Они оба уже стояли на ногах, взвинченные, злые, поносили друг друга невозможными словами, возводили один на другого неправдоподобные обвинения, не стесняясь присутствием постороннего человека. Теперь об­наружилось, что причиной их вражды были и какие-то старые личные счеты, и какие-то не вполне улавливае­мые Долгушиным двусмысленные отношения обоих крестьян к Щавелеву. Ясно было, однако, что беседа безнадежно испорчена, мысль свести вместе этих крестьян оказалась неудачной, и нужно было положить конец этой встрече.

Но пока Долгушин соображал, как удобнее это сделать, чтобы не обидеть ни того ни другого, произошло неожиданное.

На каких-то едких словах Черная Игнатий вдруг схватил его под мышки, оторвал от земли и понес че­рез весь двор к воротам.

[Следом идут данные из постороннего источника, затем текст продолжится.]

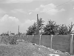 Due to redlining, the Eight Mile area was extremely poor and was considered a "blighted area".[4] After World War II, a developer saw the area as a new spot to construct an all-white subdivision. This proposed subdivision was named "Blackstone Park."[6] HOLC appraisers viewed this as high-risk because of how close it was to the neighborhood occupied by black people. FHA, as a result, was unable and unwilling to lend out loans for home construction. Sugrue reports, "the developer worked out a compromise with the FHA, garnering loans and mortgage guarantees in exchange for the construction of a foot-thick, six-foot-high wall, running for a half-mile on the property line separating the black and white neighborhoods."[4] A representative of the owner of the Blackstone Park subdivision declared that the wall was being put up "simply to improve the subdivision by giving it a fixed border and trim." This statement was outlined in a Michigan Chronicle article which criticized the owner of the subdivision for attempting to establish a "Negro ghetto" by erecting the wall between the subdivision and the preexisting black neighborhoods.[6]

Чернай задыхался, вертел головой, сучил ногами, но Игнатий его не отпускал, донес до ворот, вынес на улицу, поставил там на землю и, сильно толкая в спину, погнал по улице. Доведя до края своего плетня, двинул так, что тот не удержался на ногах и растянулся во весь рост на колдобистой пыльной дороге. Игнатий вернулся к себе на двор.

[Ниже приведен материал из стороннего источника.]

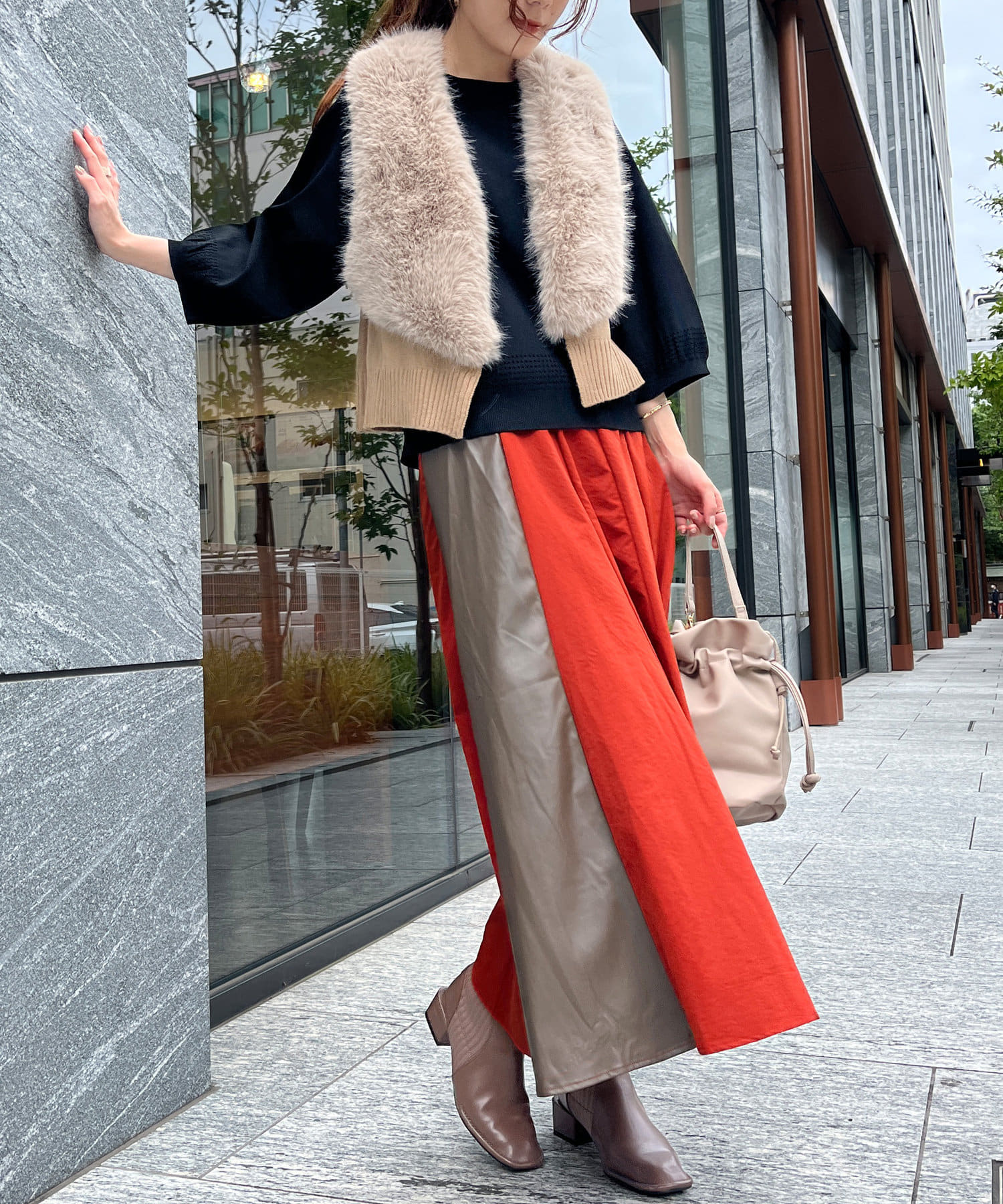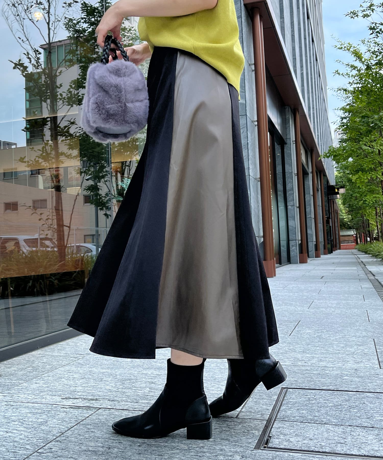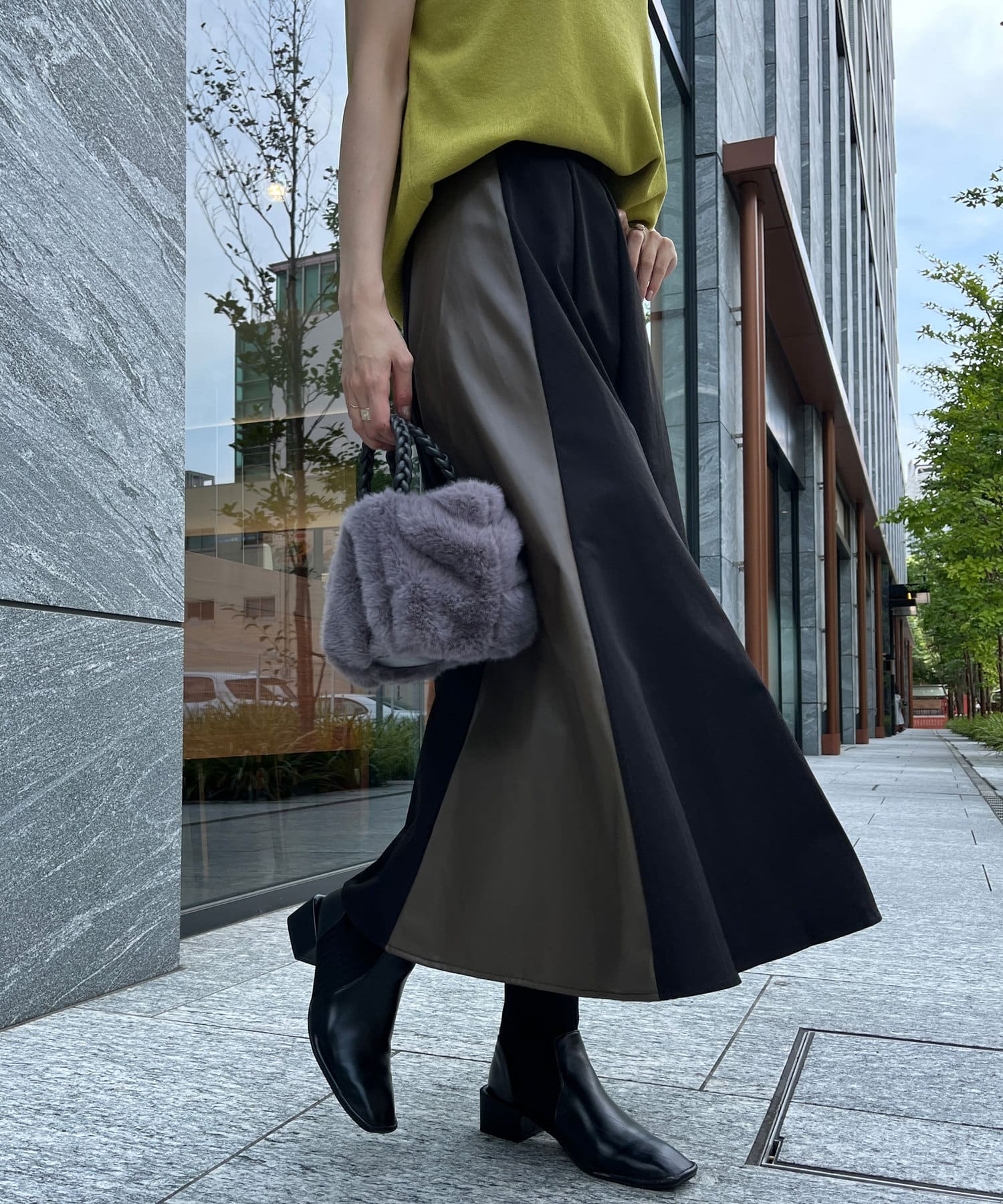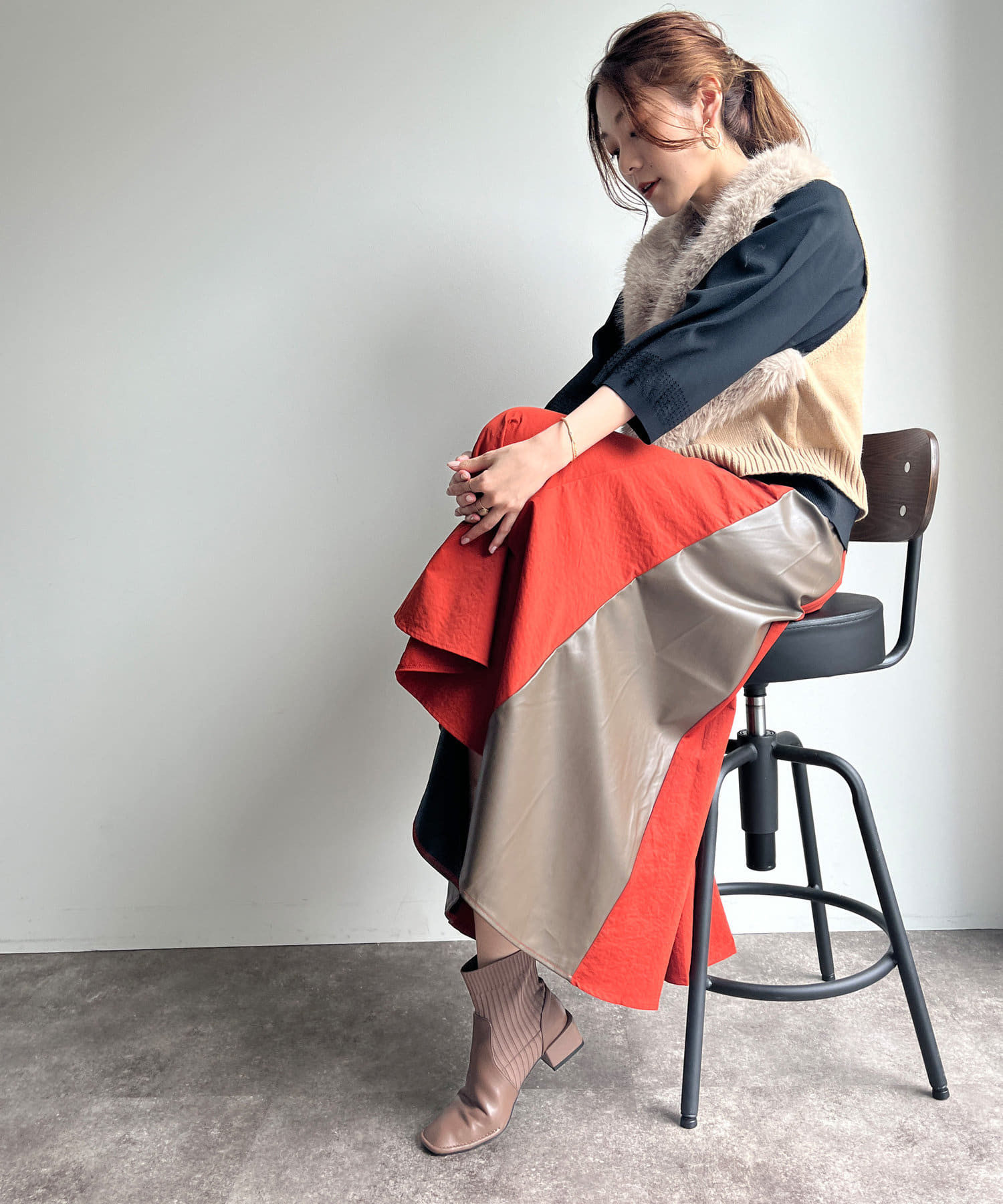 レザーが程よいアクセントを作ってくれる!!広がりすぎない美シルエットスカート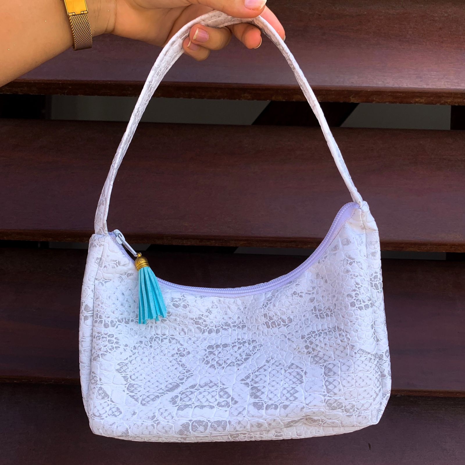 Sac à main similicuir blanc à motifs crocodile doublé. Pompon turquoise sur la fermeture à glissière.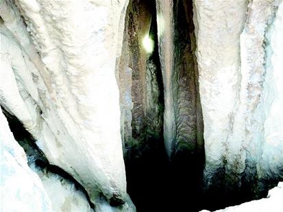 其中一個(gè)溶洞位于界水嶺村四組,小地名叫獅子磅,因山包上一塊巨石酷似仰天長(zhǎng)嘯的獅子而得名,洞口就在新修的路邊。楚天都市報(bào)記者看到,挖開的洞口直徑約60厘米,里面深不見底,記者試著丟了塊石頭,只聽見一連串石頭撞擊洞壁的聲音。村民找來強(qiáng)光電筒,依然無法探到底。記者看到,洞壁上盡是石鐘乳,向洞底延伸不見終端,洞壁上有幾處石鐘乳呈人形。

Продолжать с ним разговор было, конечно, бессмысленно, Долгушин сказал, что придется им еще раз по­видаться, чтоб окончить разговор, Игнатий ничего на это не ответил, они попрощались, и Долгушин уехал.

 

7

Постепенно разошлись-разлетелись по деревням, по всему Звенигородскому уезду и примыкавшим к нему дру­гим уездам прокламации, которые были у пропагандистов на руках в Сарееве, и остались только те, кото­рые хранились в Москве у Кирилла Курдаева. Решили ехать в Москву, поделить оставшиеся брошюры и разойтись по новым маршрутам, подальше на север и на восток от этих мест. Опасно уж было оставаться здесь. Если местная власть еще не всполошилась, не проведала о том, какие листки ходили по деревням, передавались крестьянами из рук в руки, по вечерам читались вслух деревенскими грамотеями при свете копеечных масляных коптилок, то потому лишь, что раздавали распространители свои листки не кому попало, раздавали с выбором. Но теперь всего можно было ожидать.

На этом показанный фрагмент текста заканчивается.